I was wondering about bike trainers. I may not be able to ride daily and was wondering if they're a good alternative to it. It is supposed to rain here for the next week. I don't want to not be riding, but I don't want to be riding in the rain.

So... is a trainer worth it? What are some suggestions for good ones? Should I get a dedicated rear wheel? I'd really like to be able to spend an hour or two on the bike even when I can't.

Thanks in advance.

P.S. Is it ok to ride a Felt AR5 on a trainer? I have no idea if the type of bike makes a difference.


----------



## AndrwSwitch (May 28, 2009)

Trainers suck.
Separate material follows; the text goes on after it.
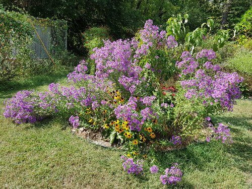 I went home at lunch to turn on the irrigation so I could have the hose free when I get home. P had mentioned the asters I got from J earlier this year, and for him to notice, they must be remarkable, indeed! These are in bloom, a few more NE asters are in bloom, a little boneset, goldenrod, and blue mistflower. After the god-awful dryness, I have no idea how, but I’m glad for the late-season nectar.

Riding in the rain sucks. Losing fitness sucks. Riding at night is kind of cool. It's up to you to figure out how to balance the levels of suck.
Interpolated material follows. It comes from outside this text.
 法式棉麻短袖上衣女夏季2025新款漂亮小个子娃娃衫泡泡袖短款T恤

I got a trainer recently. It definitely sucks less than riding in cold, heavy rain. A light drizzle or a chance of some cloud bursts or something, whatever - I'm not made of sugar. I do a couple things to make riding in the rain more comfortable for myself too, but I'll choose the trainer over a solo rain ride. (Or a group ride in the rain over staying home on the trainer.)

I have a CycleOps. Kurt Kinetic makes good ones too. There are, broadly, four ways resistance is generated in a trainer - wind trainers have a turbine thing, magnetic trainers have magnets, and fluid trainers also have a turbine but it's full enclosed and there's a viscous fluid that gets pulled through it. There are also trainers using a friction plate.

Look at some reviews on anything you're considering. You want one with a pretty burly frame. Mag trainers are loud. Fluid trainers are expensive, but quieter and I think they feel a little smoother. The resistance curve is also supposed to be more like what you'd experience on the road. I haven't used a wind trainer. The reviews I saw of friction plate trainers scared me off of buying one.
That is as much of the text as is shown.